> **What you are asked to do**: Reproduce from the records below, with no pictures, exactly the lines between the one containing "將手機(jī)翻轉(zhuǎ" and the one containing "Mobizang Soft Full", inclusive.

+ + + +

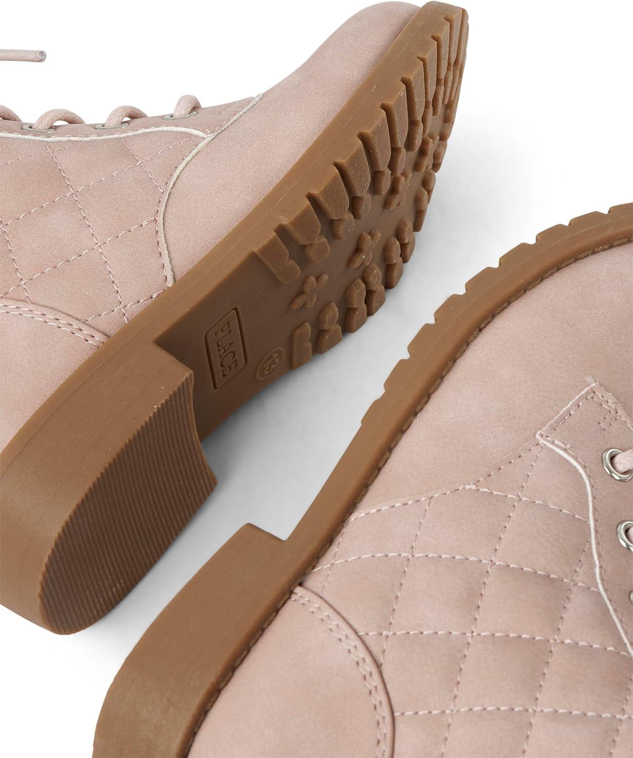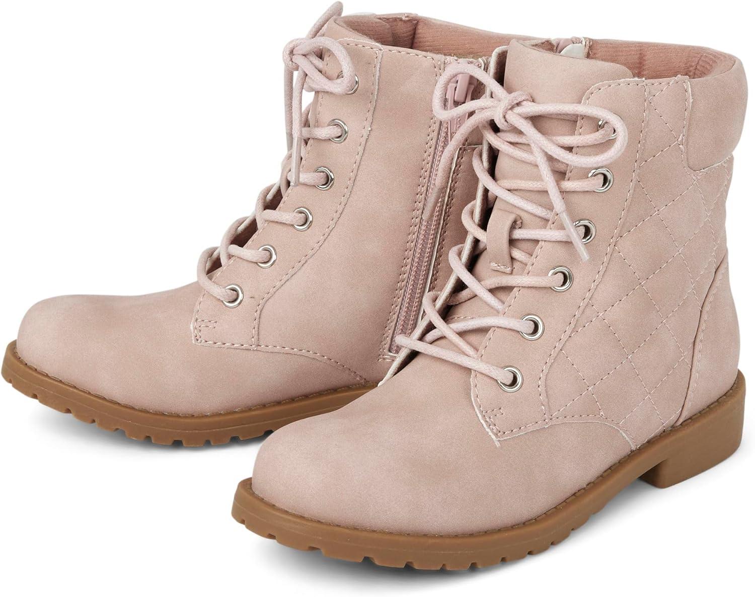 The Children’s Place girls Girls Lace Up Combat Boots(Pink Quilted)
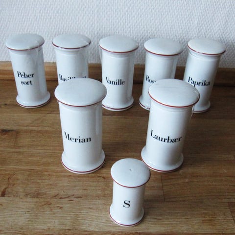 Krydderi krukker i porcelæn - 8 stk. fra Bing & Grøndahl
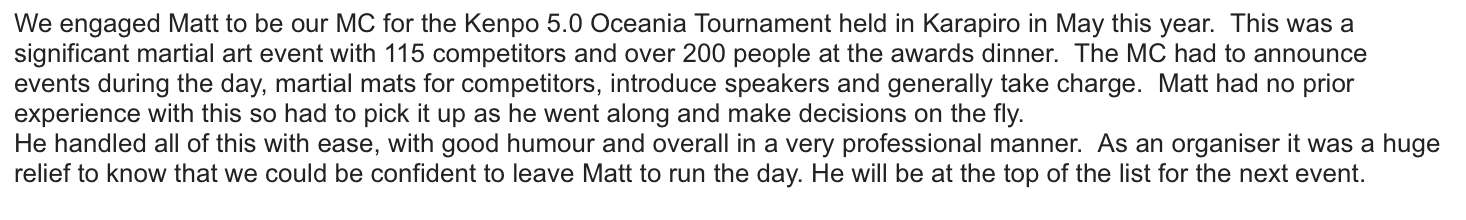 I’ve hosted the Hautapu rugby club fundraiser ‘Miss Hautapu’ (if you can run that event you can run anything) for the last couple of years as well as the Oceania Kenpo 5.0 championship 2017, Brian Wellington Hospice Waikato fundraiser, Leamington Rugby Club 7s, The Stables Vibes event as well as the St Peters Cambridge parents association fundraiser evening.
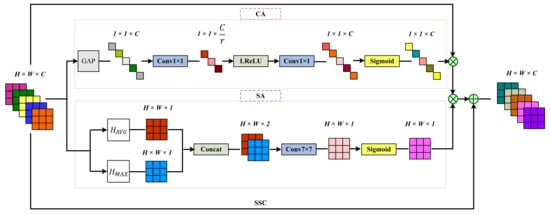 where: F denotes the input of the HAM; and CAM(·), SAM(·), and HAM(·) respectively denote the CAM, SAM, and HAM functions. Here ⮾ denotes element-wise multiplication between the CAM and SAM functions. Like an RCAN, short-skip connections are added to enable the network to directly learn more complex high-frequency information while improving the ease of model training. The structure of the HAM is presented in Figure 4.
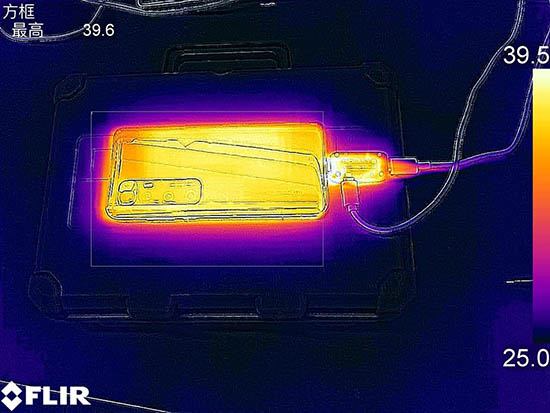 將手機(jī)翻轉(zhuǎn),背面最高溫度為40.4℃,溫升11.6℃。此時(shí)高壓大電流充電剛結(jié)束,手機(jī)整體的溫度最高上升了13℃。
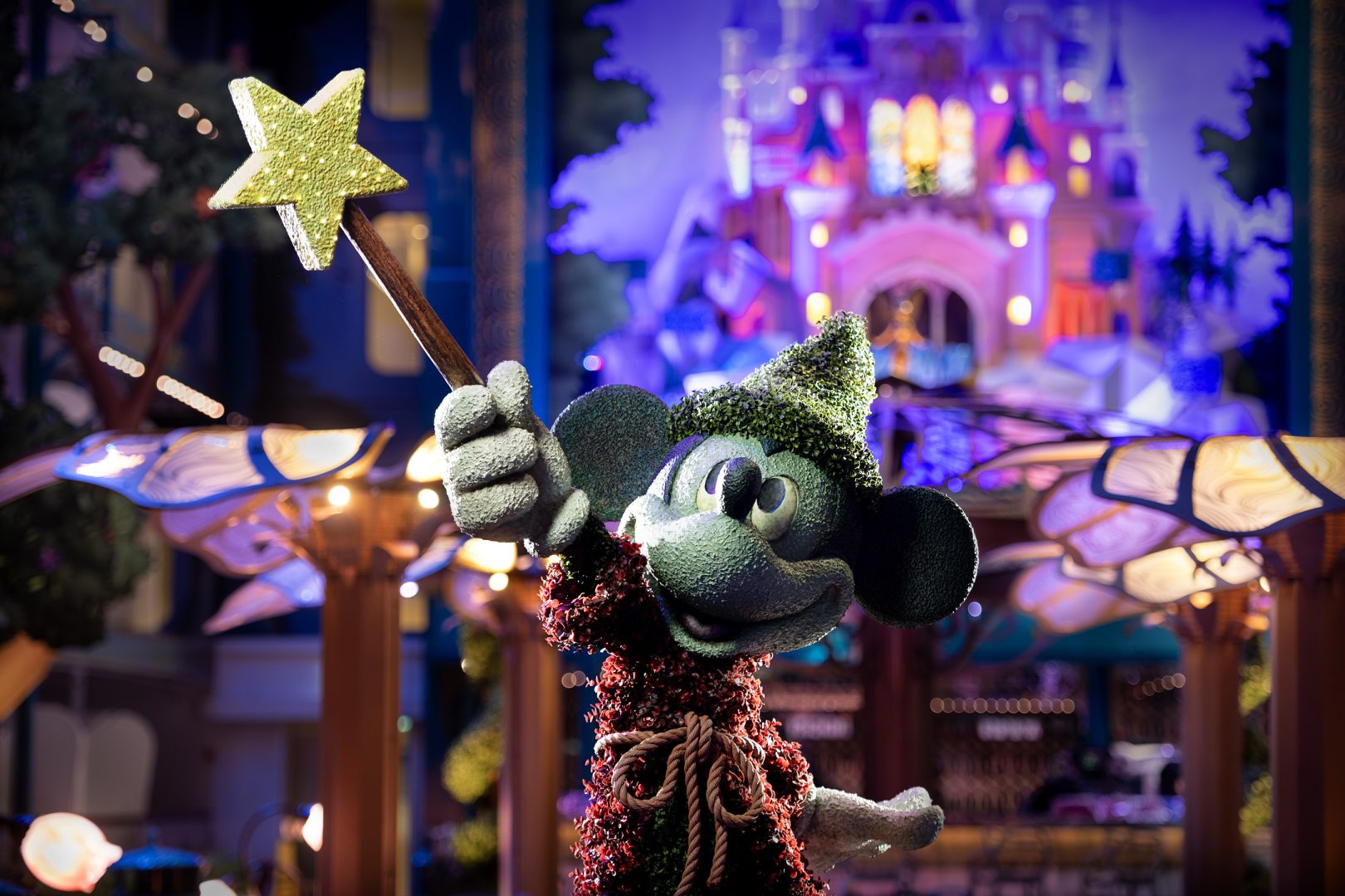 At the heart of the Disney Adventure is Disney Imagination Garden, which transports guests into the pages of a fairytale storybook inspired by 100 years of heroic and heartwarming Disney adventures. Orchestrating the courtyard symphony of storytelling is a topiary of Sorcerer’s Apprentice Mickey Mouse, with his wand held high as if he is conjuring this magical garden where beloved characters and stories bloom to life. (Kent Phillips, photographer)
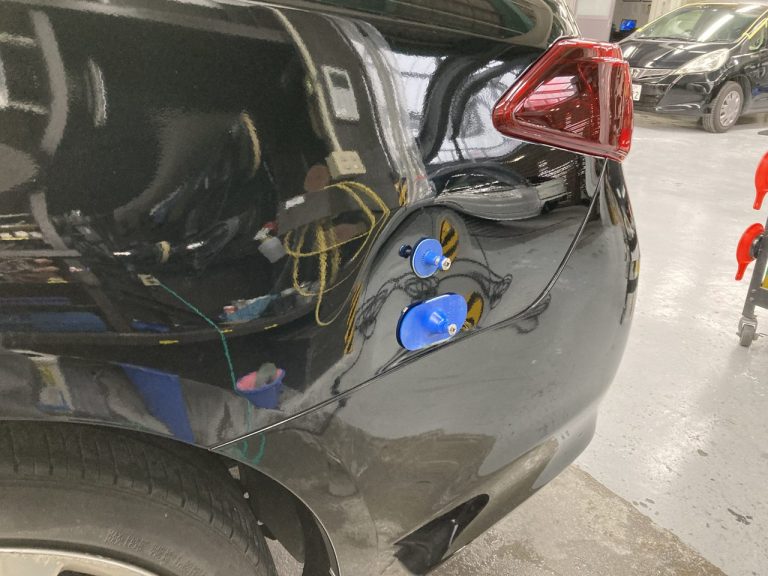 - ホンダフィットのリヤフェンダヘコミ補修 - 2023年7月28日
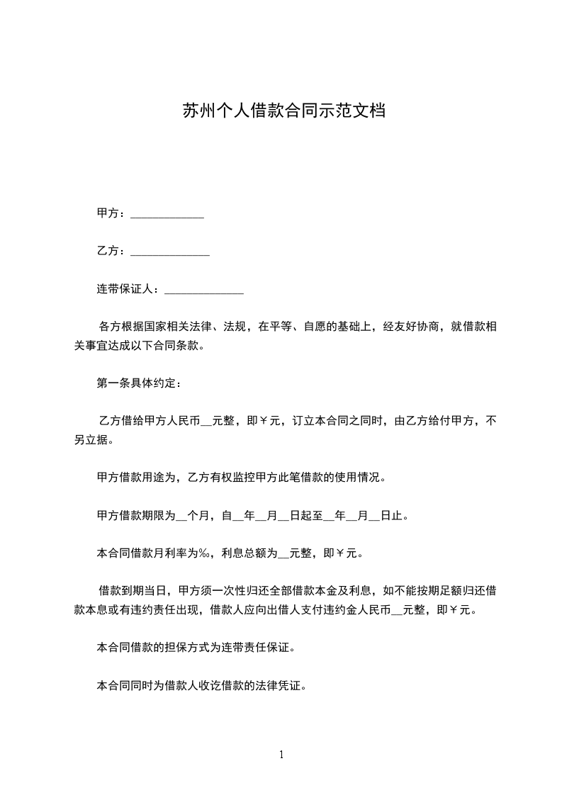 乙方借给甲方人民币__元整,即¥元,订立本合同之同时,由乙方给付甲方,不另立据。
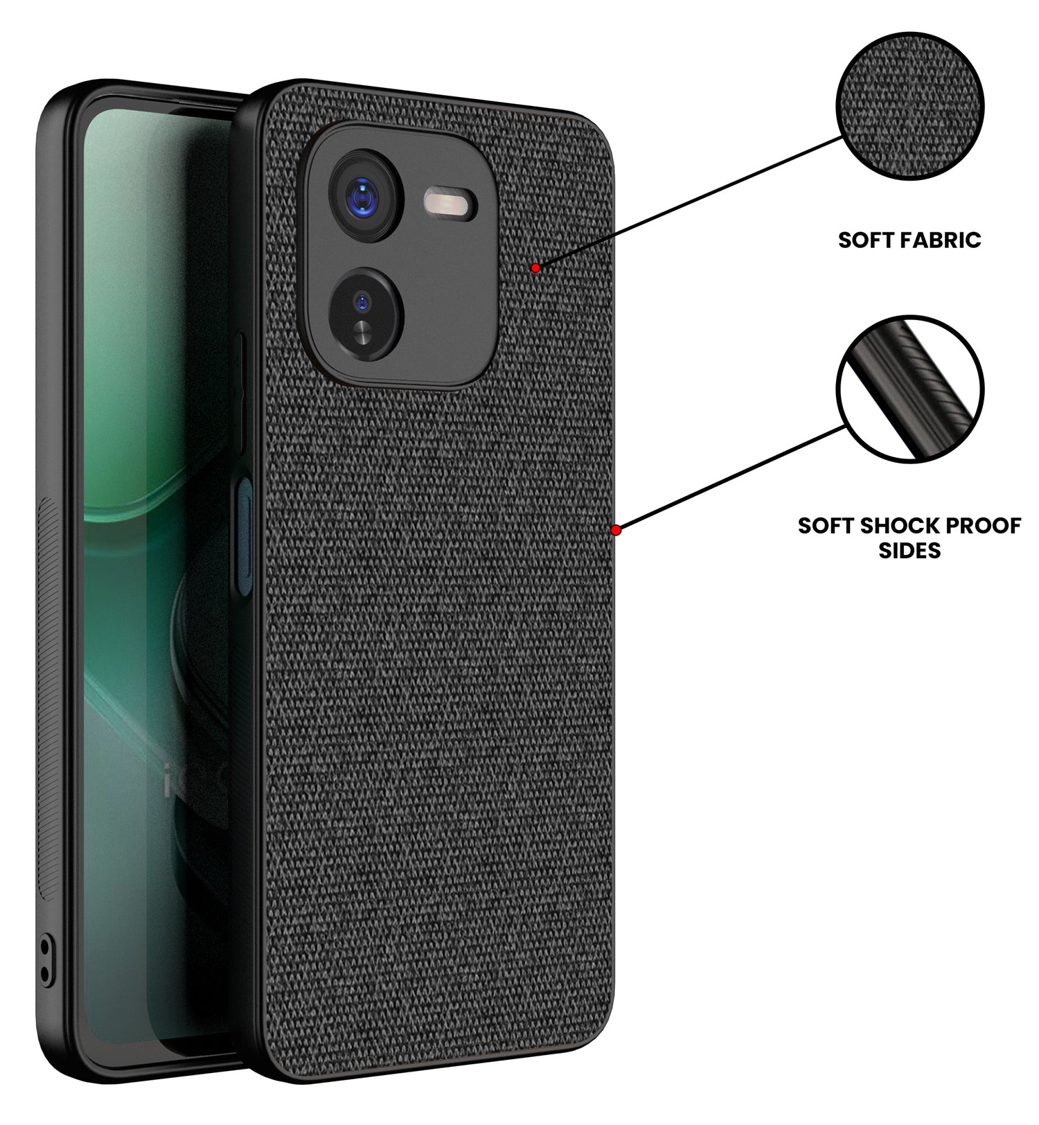 Mobizang Soft Full Fabric Protective Back Case Cover for IQOO Z9X | Shockproof Slim Hard Anti Slip Back Case (Black)
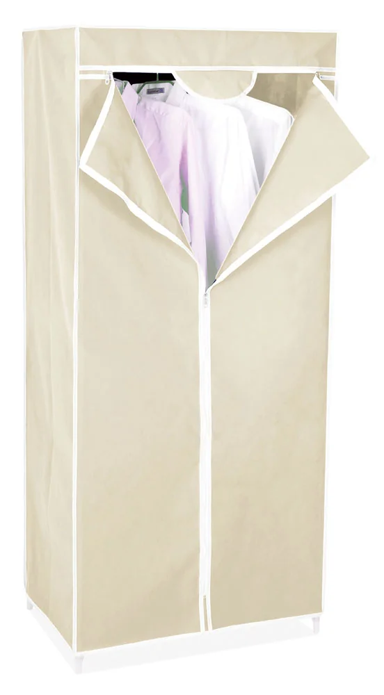 Armadio appendiabiti in TNT (tessuto non tessuto), progettato per offrire praticità, leggerezza e protezione degli indumenti. Struttura robusta in tubi di acciaio Ø 14 mm con verniciatura a polveri, giunzioni in ABS e rivestimento in TNT.
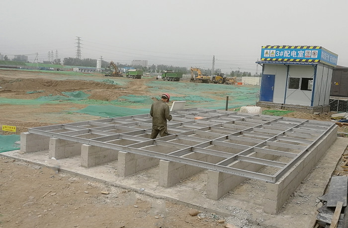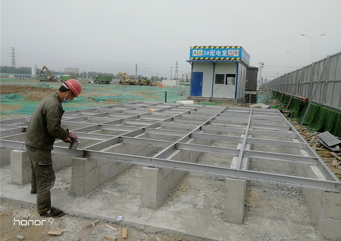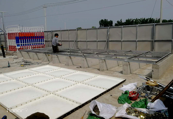玻璃鋼聚氨酯彩鋼殼保溫水箱槽鋼底座焊接完成后,把水箱底板依次擺放在槽鋼底座上
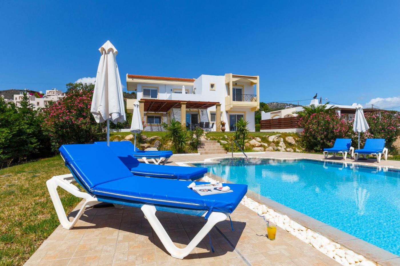 Three-Bedroom Villa with Sea View. Featuring a private swimming pool and sun terrace, this modernly furnished, split-level villa opens to a balcony and patio with Aegean Sea, pool and garden views. It offers: -3 air-conditioned bedrooms -a fully equipped kitchen with dining area -a living room with a satellite, flat-screen TV and DVD player -a washing machine and ironing facilities -free WiFi.
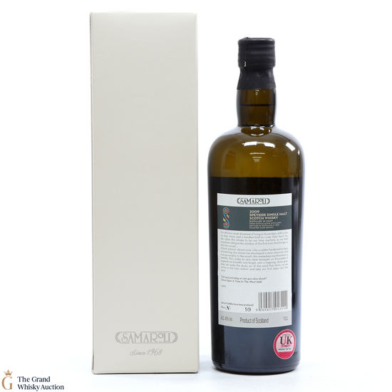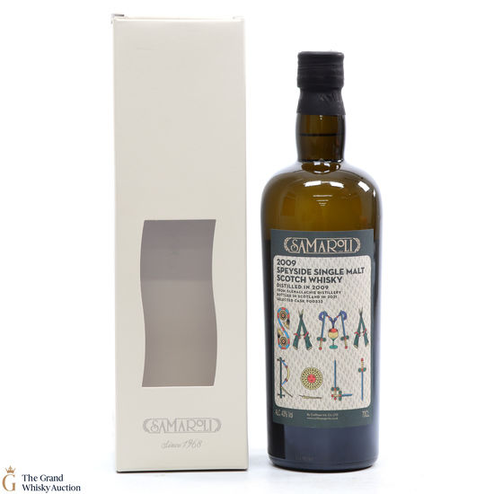 A 2009 Glenallachie, matured in cask 900332 and bottled in 2021 by Samaroli. The single malt spent over 11 years maturing in an oak cask. This is one of just 470 individually numbered bottles produced at 43% abv.
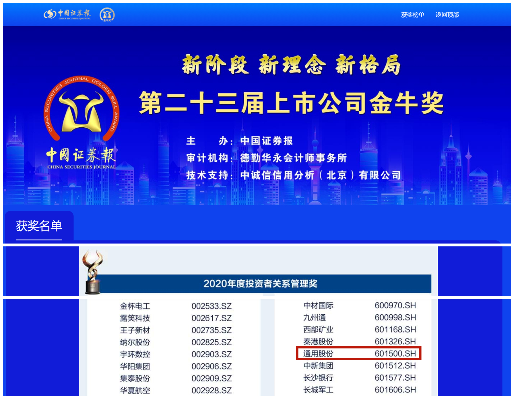 據了解,金牛獎是中國證券報鼎力打造的金融品牌,旨在公開、公正、公平原則下,表彰上一年度業(yè)績優(yōu)秀、治理卓越、具有崇高使命和社會責任感的上市公司。自1999年創(chuàng)立以來,金牛獎評選已至第二十三屆,是中國資本市場最具影響力的獎項,在中國資本市場中具有上市公司“奧斯卡”的美譽。
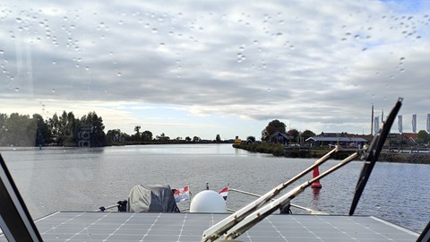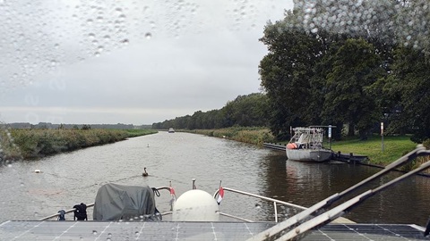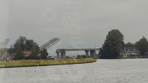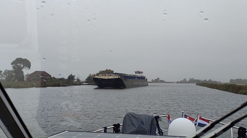 Das schlechte Wetter und der Regen bleiben uns erhalten, der Wind hat zum Glück stark abgenommen. Bereits um acht Uhr legen wir ab. Die Brücken bei Emmeloord haben 1 1/2 Stunden Mittagspause. Deshalb möchten vor diese Punkte vorher passieren. Über den Vollenhoferkanaal erreichen wir die Erste von vier Schleusen heute. Die Voorstersluis, immer etwas langsam, können wir nach einer Pause von 15 Minuten passieren. Auf der Zwolsevaart hat es sehr viele "Inseln" aus Schilf und Algen, so dass wir oft abrupt ausweichen müssen. Auf der Zwollse Vaart läuft es gut, bis zur Kamper Brücke. Erst nach dem ich mit dem Telefon angerufen habe, wird diese Bedient. Die Marknesser Brücke zeigt doppelt Rot. Also nochmals anrufen, aber an der Brücke wird gebaut. Wir können den Geräteträger ablegen und passen gerade so unten durch. Danach läuft es wieder gut und bereit um 13:45 legen wir in Lemmer an.

+ + + +

> **Finished exercise**:
 將手機(jī)翻轉(zhuǎn),背面最高溫度為40.4℃,溫升11.6℃。此時(shí)高壓大電流充電剛結(jié)束,手機(jī)整體的溫度最高上升了13℃。
 At the heart of the Disney Adventure is Disney Imagination Garden, which transports guests into the pages of a fairytale storybook inspired by 100 years of heroic and heartwarming Disney adventures. Orchestrating the courtyard symphony of storytelling is a topiary of Sorcerer’s Apprentice Mickey Mouse, with his wand held high as if he is conjuring this magical garden where beloved characters and stories bloom to life. (Kent Phillips, photographer)
 - ホンダフィットのリヤフェンダヘコミ補修 - 2023年7月28日
 乙方借给甲方人民币__元整,即¥元,订立本合同之同时,由乙方给付甲方,不另立据。
 Mobizang Soft Full Fabric Protective Back Case Cover for IQOO Z9X | Shockproof Slim Hard Anti Slip Back Case (Black)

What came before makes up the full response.